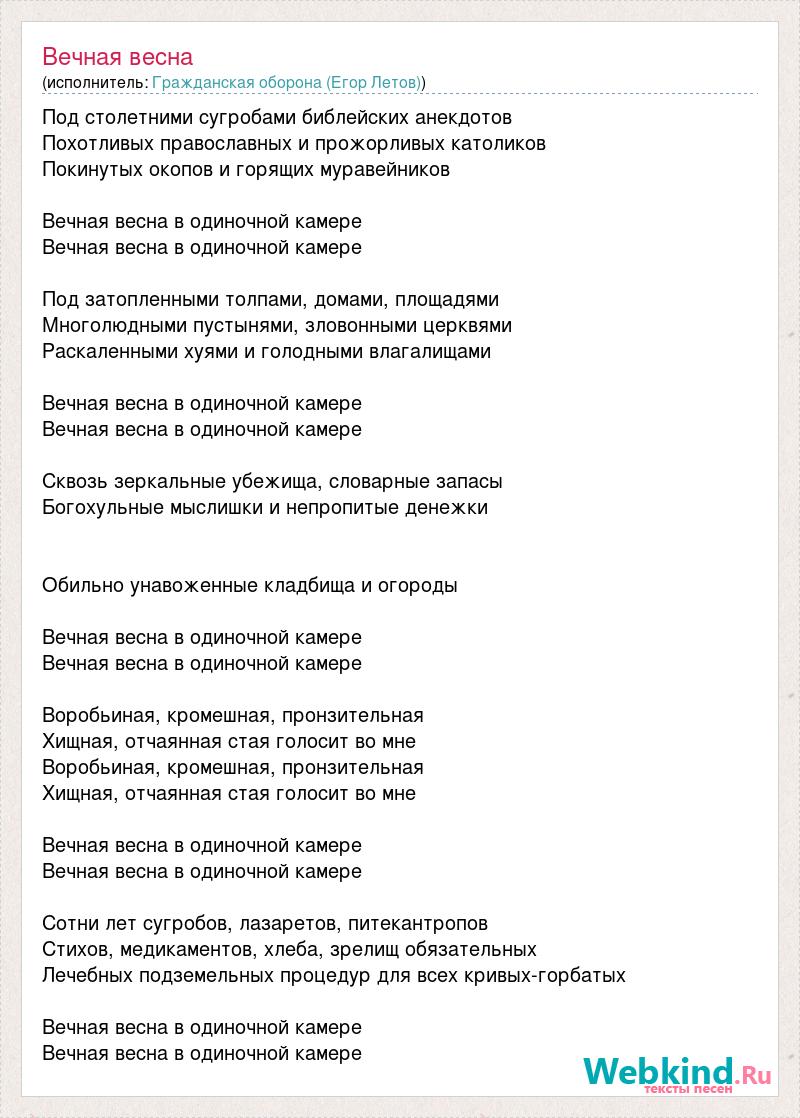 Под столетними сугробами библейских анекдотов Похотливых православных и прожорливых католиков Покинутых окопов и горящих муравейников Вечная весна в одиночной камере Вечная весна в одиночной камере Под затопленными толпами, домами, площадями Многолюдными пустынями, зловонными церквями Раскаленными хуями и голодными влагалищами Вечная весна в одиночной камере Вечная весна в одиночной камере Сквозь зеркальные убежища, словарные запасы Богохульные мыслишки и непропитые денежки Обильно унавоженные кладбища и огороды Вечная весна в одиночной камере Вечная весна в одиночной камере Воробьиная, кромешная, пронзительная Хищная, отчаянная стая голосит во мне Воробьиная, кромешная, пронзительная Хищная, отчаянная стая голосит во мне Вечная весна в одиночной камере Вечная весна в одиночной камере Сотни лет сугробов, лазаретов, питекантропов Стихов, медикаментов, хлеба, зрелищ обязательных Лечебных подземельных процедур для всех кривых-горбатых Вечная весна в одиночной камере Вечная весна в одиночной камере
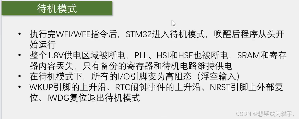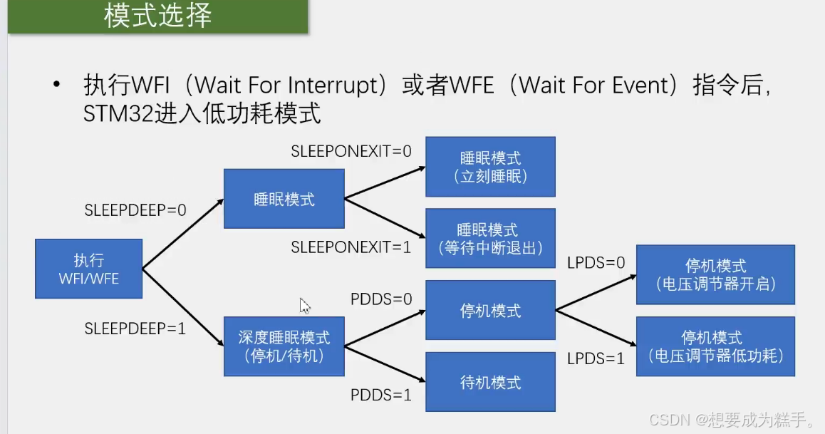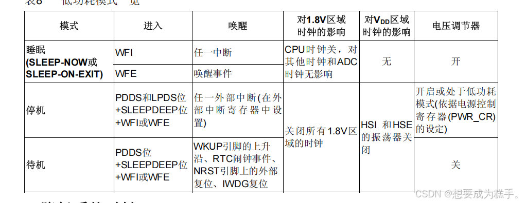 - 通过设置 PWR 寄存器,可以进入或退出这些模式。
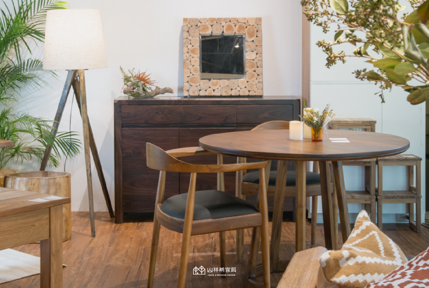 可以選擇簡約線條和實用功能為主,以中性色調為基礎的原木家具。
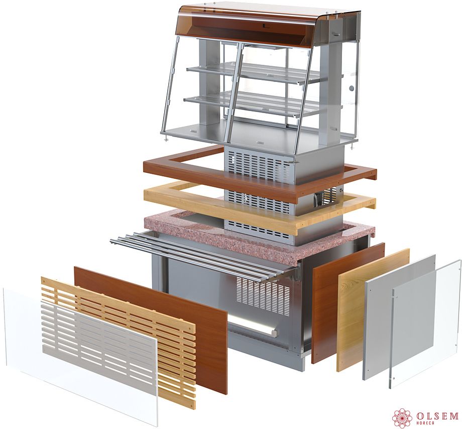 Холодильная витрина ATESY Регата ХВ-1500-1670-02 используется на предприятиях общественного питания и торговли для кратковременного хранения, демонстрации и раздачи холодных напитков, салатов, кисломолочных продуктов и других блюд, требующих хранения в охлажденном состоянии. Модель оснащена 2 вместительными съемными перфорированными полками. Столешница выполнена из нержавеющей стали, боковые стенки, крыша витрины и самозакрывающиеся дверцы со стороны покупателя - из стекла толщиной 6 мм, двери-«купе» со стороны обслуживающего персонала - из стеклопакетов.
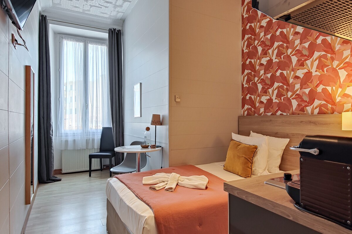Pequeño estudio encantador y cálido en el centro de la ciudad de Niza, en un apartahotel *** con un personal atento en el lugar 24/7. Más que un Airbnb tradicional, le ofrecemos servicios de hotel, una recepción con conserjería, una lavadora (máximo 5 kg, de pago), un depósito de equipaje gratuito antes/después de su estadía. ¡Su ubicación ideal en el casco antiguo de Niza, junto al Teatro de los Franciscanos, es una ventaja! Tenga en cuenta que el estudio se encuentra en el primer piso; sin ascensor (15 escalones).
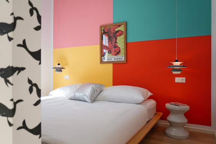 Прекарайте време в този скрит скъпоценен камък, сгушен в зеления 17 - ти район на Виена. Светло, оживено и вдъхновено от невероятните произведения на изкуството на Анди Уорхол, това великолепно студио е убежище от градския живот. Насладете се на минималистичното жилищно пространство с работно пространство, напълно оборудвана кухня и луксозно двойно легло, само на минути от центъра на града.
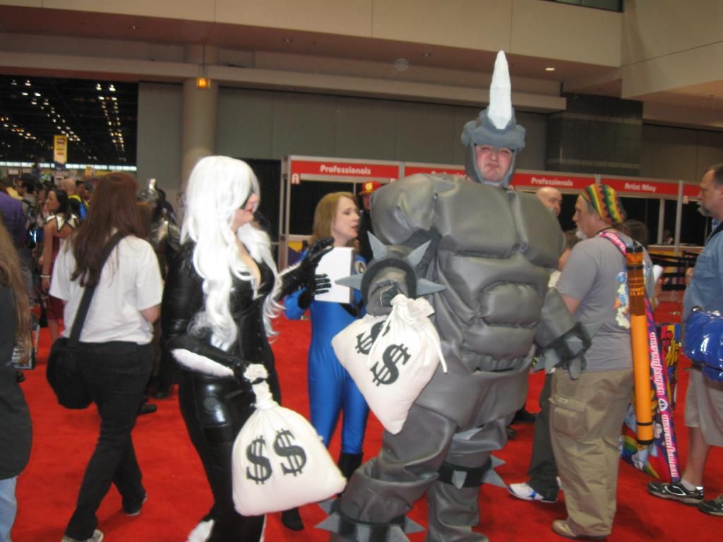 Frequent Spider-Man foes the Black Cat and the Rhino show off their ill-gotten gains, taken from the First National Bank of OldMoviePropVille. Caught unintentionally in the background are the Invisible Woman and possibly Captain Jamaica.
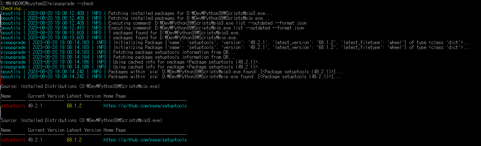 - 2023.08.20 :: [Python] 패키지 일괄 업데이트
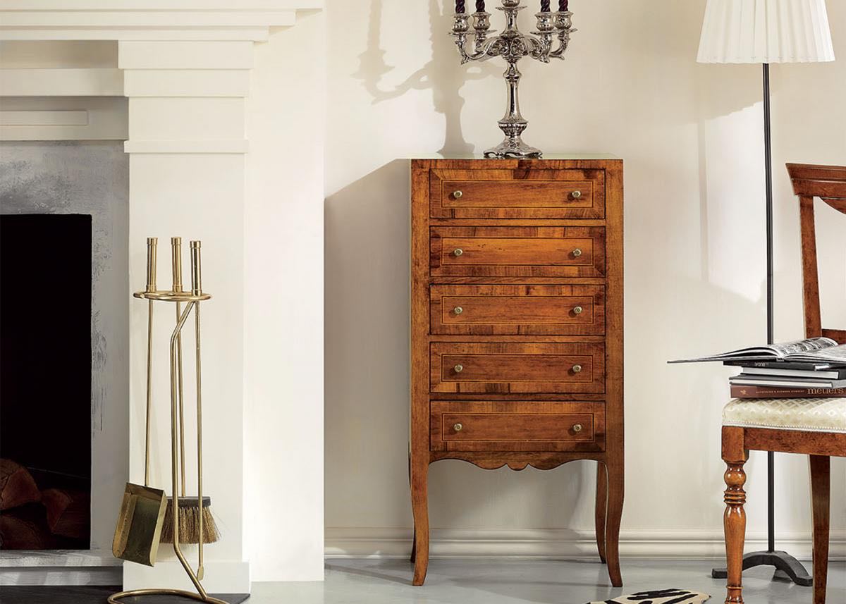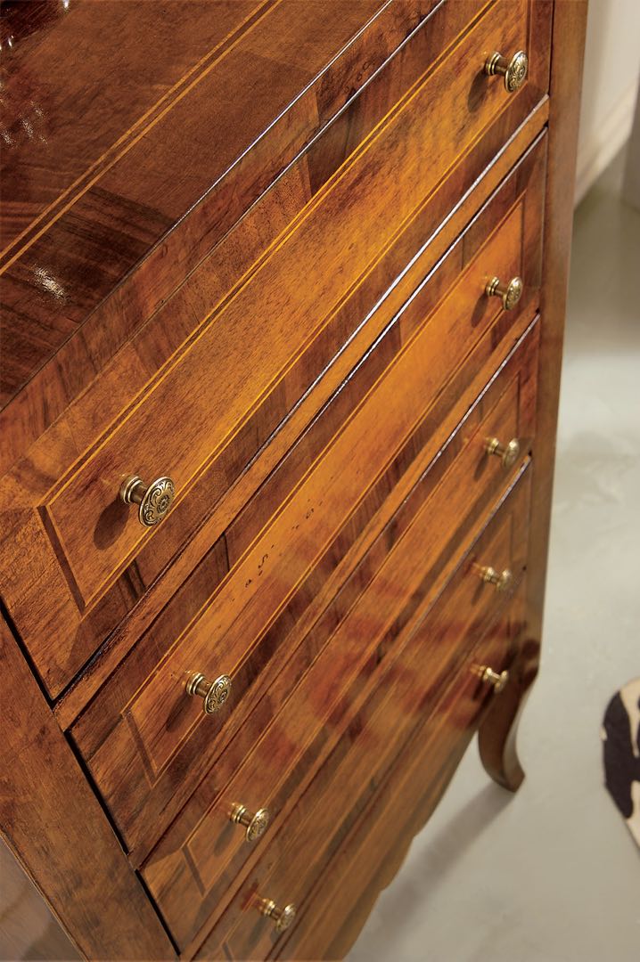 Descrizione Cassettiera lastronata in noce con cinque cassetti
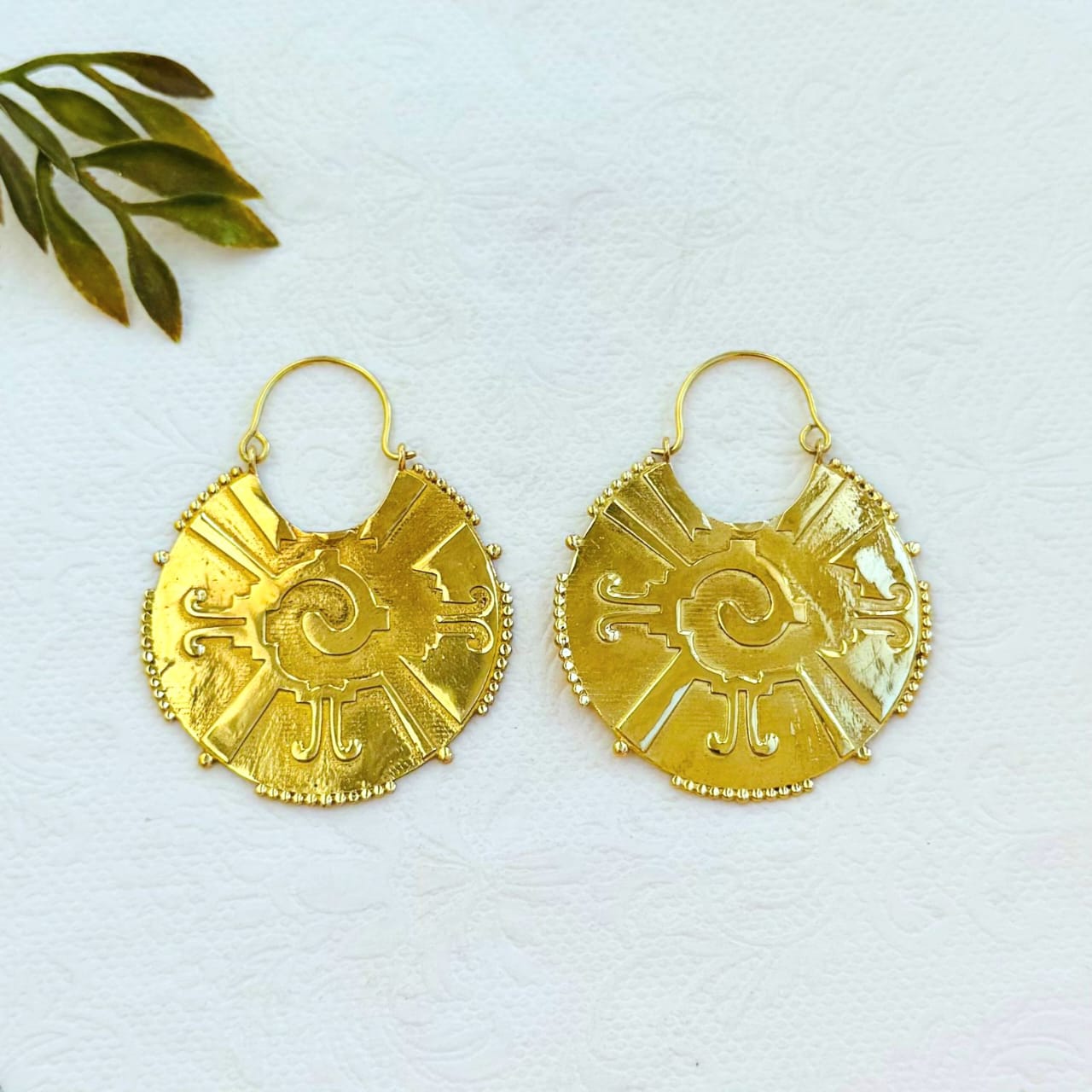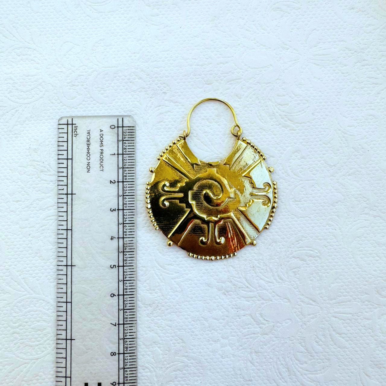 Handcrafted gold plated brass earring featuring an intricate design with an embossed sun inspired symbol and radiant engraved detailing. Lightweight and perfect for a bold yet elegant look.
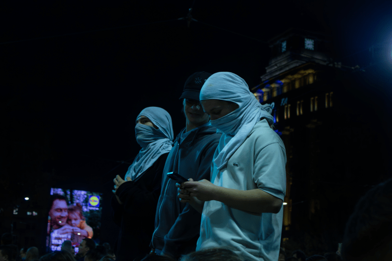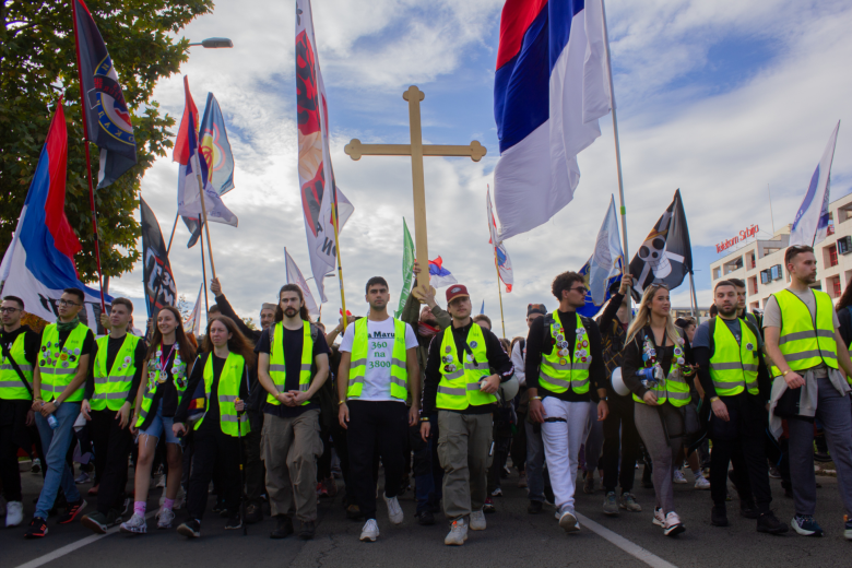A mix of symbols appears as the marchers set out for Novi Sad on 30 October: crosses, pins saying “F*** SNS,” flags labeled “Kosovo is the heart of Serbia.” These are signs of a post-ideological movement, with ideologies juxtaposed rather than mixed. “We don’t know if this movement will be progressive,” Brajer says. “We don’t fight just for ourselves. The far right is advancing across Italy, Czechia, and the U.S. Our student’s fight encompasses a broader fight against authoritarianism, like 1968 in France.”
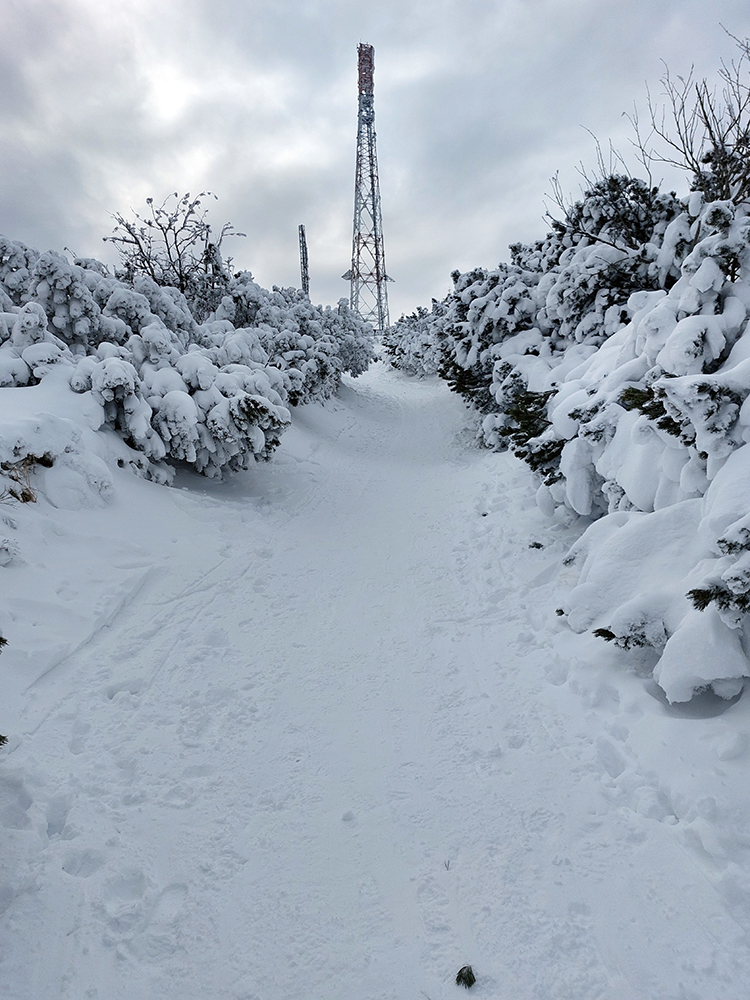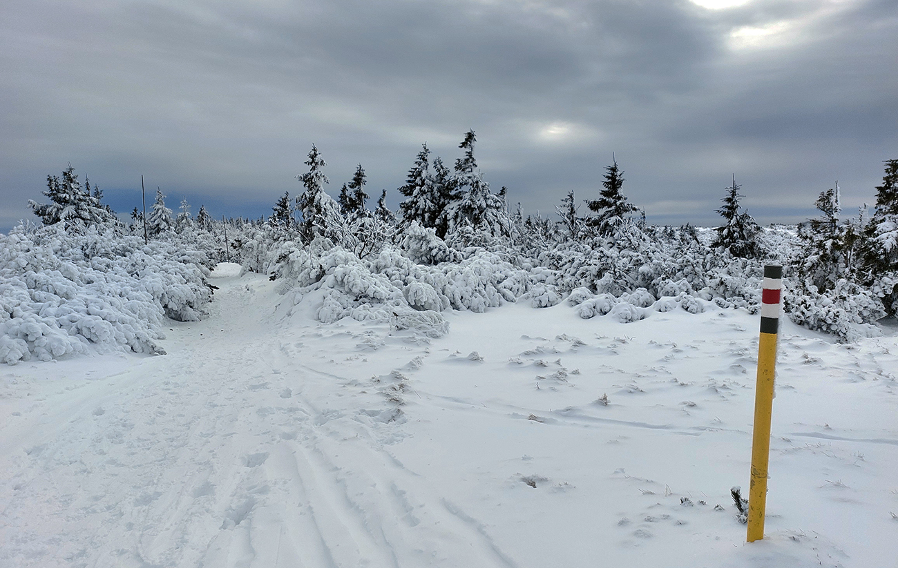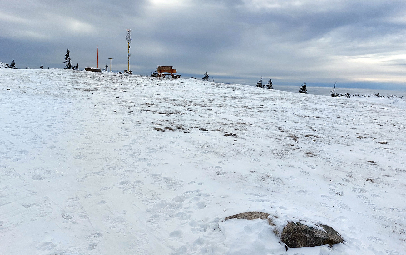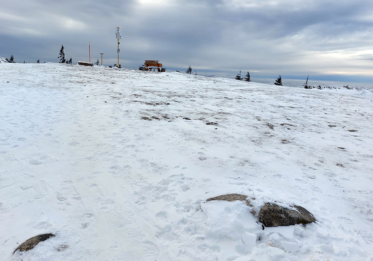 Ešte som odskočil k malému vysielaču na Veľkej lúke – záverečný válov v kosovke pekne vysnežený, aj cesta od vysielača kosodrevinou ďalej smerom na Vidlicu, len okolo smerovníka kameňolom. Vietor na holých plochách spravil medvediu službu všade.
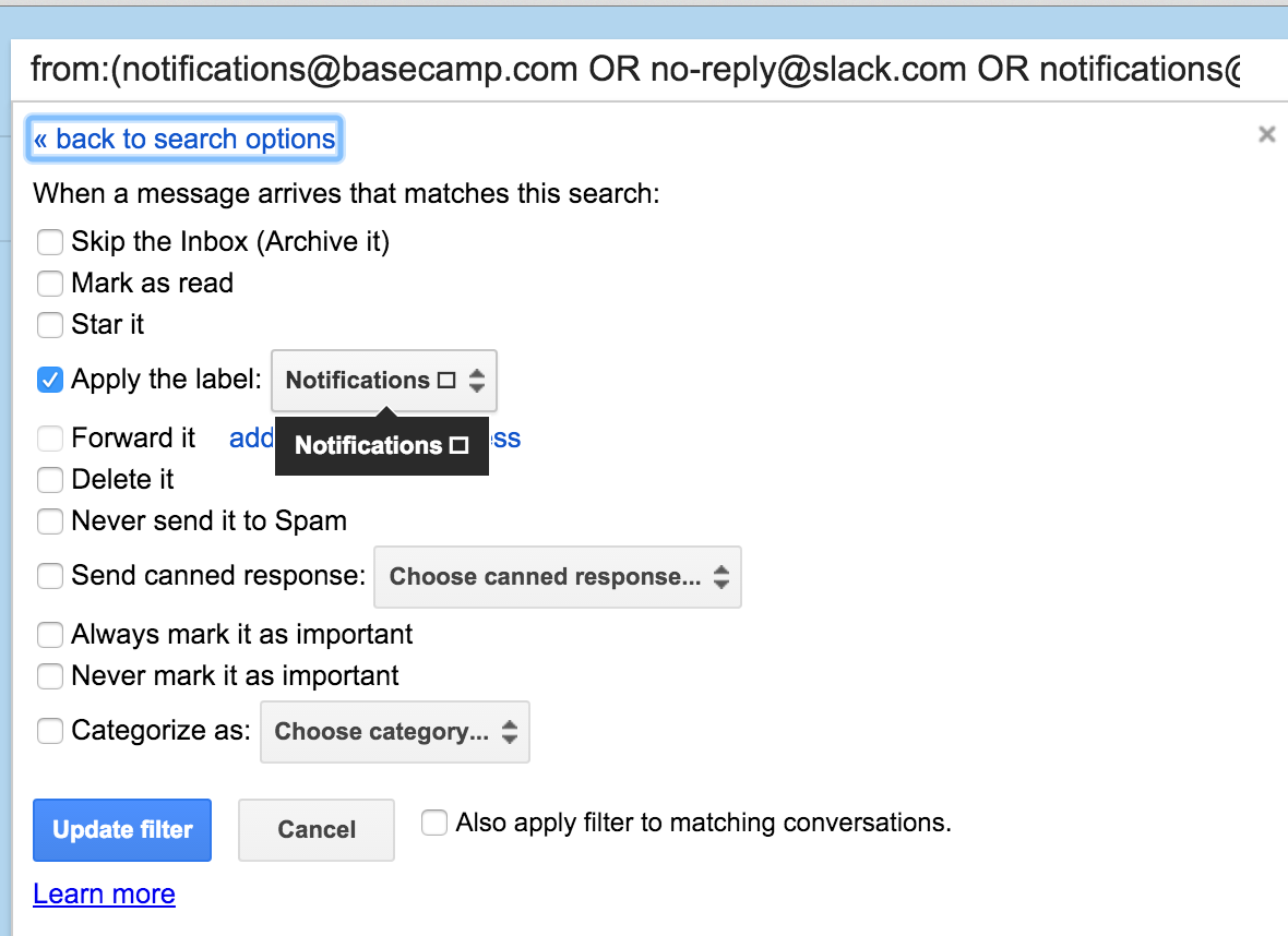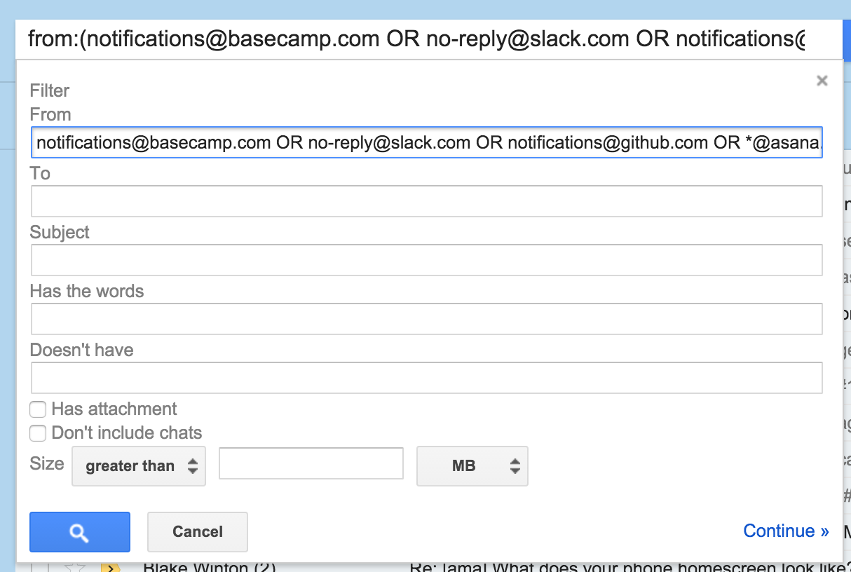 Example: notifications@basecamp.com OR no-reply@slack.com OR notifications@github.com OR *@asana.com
◇ ◇ ◇
▸ **WORK ITEM**
Output, exactly and with no pictures, every line from the one that contains "Ešte som odskočil" through the final line of the entries.

▸ **EXPECTED OUTPUT**
 Ešte som odskočil k malému vysielaču na Veľkej lúke – záverečný válov v kosovke pekne vysnežený, aj cesta od vysielača kosodrevinou ďalej smerom na Vidlicu, len okolo smerovníka kameňolom. Vietor na holých plochách spravil medvediu službu všade.
 Example: notifications@basecamp.com OR no-reply@slack.com OR notifications@github.com OR *@asana.com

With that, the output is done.